Катька же по Максиму втихаря сохла. Подсаживалась в шалмане, когда тот накатывал стакан-другой, и, заглядывая в глаза, слушала по сотому разу его истории. Как после победы погрузили их танки на платформы и отправили железной дорогой из Европы сразу на Японскую войну. А самих танкистов запихали в теплушки[14] и послали следом за техникой. Потом, после Байкала, остановили: «Отбоооой!» Кинулись бойцы к своим танкам – да было поздно: все трофейные подарки в кабинах местные жители разворовали по дороге. «Прямо встанет поезд с танками на полустанке, – говорил подвыпивший Максим, – а на него со всех концов бросаются обезумевшие люди. Чёж! Голод, нищета. Тащили всё из кабин. Ковры хотел Марусеньке привезти, пальто, сапоги – всё украли!»

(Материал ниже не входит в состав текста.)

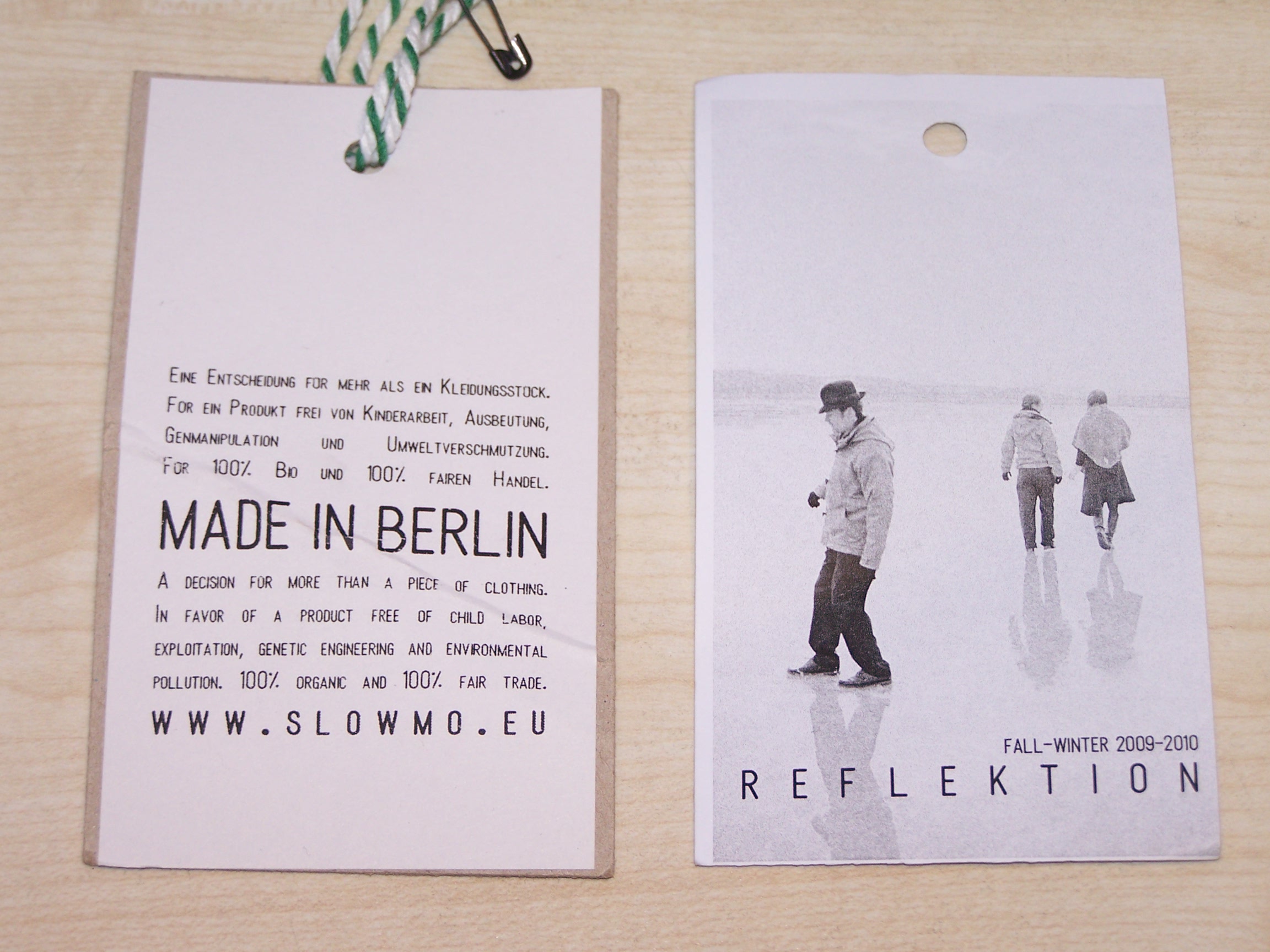 „Eine Entscheidung für mehr als ein Kleidungstück, für ein Produkt frei von Kinderarbeit, Ausbeutung, Genmanipulation und Umweltverschmutzung. Für 100% Bio und 100% Fairen Handel. Made in Berlin.“ Felicia und Melchior Moss von Slowmo geht es darum, Auge und Gewissen zu überzeugen, ihre Etiketten spiegeln beides. Slowmos aktuelle Kollektion

Не попав на Японскую войну, Максим вернулся домой. В рюкзаке были только небольшой отрез ткани, пара шёлковых вещичек, те самые золотые часики да пачка писем от Марии. Писала она, что уматывается на военном заводе, что нечем кормить детей, что трудно есть пищу без соли: «Соли нет совсем, и занять её не у кого». Проезжая озеро Баскунчак, Максим спрыгнул с поезда, ножом отковырял розоватую, сверкающую глыбу со дна и затолкал в рюкзак. В нескольких километрах от Больших Прудищ поезд притормаживал – словно яблоки с дерева, с него спрыгивали те, кто жил вдоль русла реки Моˊчи. Иванкин тоже сиганул, да зацепился лямкой рюкзака за подножку вагона. Ноги уже были на земле, а поезд держал лямку и набирал скорость. Бежать стало невозможно, нечеловеческая сила волокла его за собой, превратив в безвольную тряпку. Перед глазами вращались огромные железные колёса, отбивая ритм по стыкам рельсов. «Глупо, – мелькнуло в голове, – до дома – полчаса, до смерти – секунда». Сапоги волочились по крупной гальке, она крошилась, отскакивала от полотна и больно хлестала по щекам. В непроглядной предсмертной тьме всплыло лицо Марии на треснутом холсте – то ли Божьей Матери, то ли жены его. Максим вдруг осознал, как они похожи в лике своём, в бесконечном смирении, во вселенском милосердии. «Марусенька», – захрипел он и резко оторвался от злосчастной подножки. Колёса, казалось, ещё долбили марш по его макушке, голова гудела, сапоги сорвало, портянки размотало, мозоли до мяса стёрло о щебни. Но, Пресвятая Дева, он был жив. И война закончилась. И в рюкзаке – глыба соли. И до дома – полчаса…

Гроб с трубой

Глыба соли стояла во дворе несколько десятилетий. Её крошила Маруся, скребли дети, лизали коровы, грызли собаки, поливал дождь и обдувал ветер. Улька в самые ответственные моменты, когда сердечная стрекоза лупила по параболе вверх и вниз, подходила к глыбе и прижималась языком. Вкусовые сосочки наполнялись радостью, собирая воедино всё самое приятное в её жизни – рассол из-под огурцов, зелёные бочковые помидоры, ржавую селёдку. Подглядывая за ней, лизать глыбу начала и Зойка. С тех пор как в Прудищах появился новенький, она потеряла сон и на нервах колупала несчастную горку соли с особым остервенением. Из-за летних каникул в интернате её легко отпускали к Иванкиным на неопределённый срок. Долгое отсутствие Ульки с Аркашкой изо дня в день, казалось, должно было её радовать – мама всецело принадлежала Зойке. Но сердце – обычное человеческое сердце без крыльев и фасеточных глаз – ныло и ныло по чужому счастью за широкой мосластой грудью. Она делилась этим с Марией: пока вместе готовили, пока возились в курятнике, пока перешивали платья старших сестёр младшим, пока снимали с котелка варенья плотную, как клеёнка, пену. Мария улыбалась и гладила её по волосам:

– Ох, девчонки мои, влюбились, дуры, в одного парня. Что с вами делать-то?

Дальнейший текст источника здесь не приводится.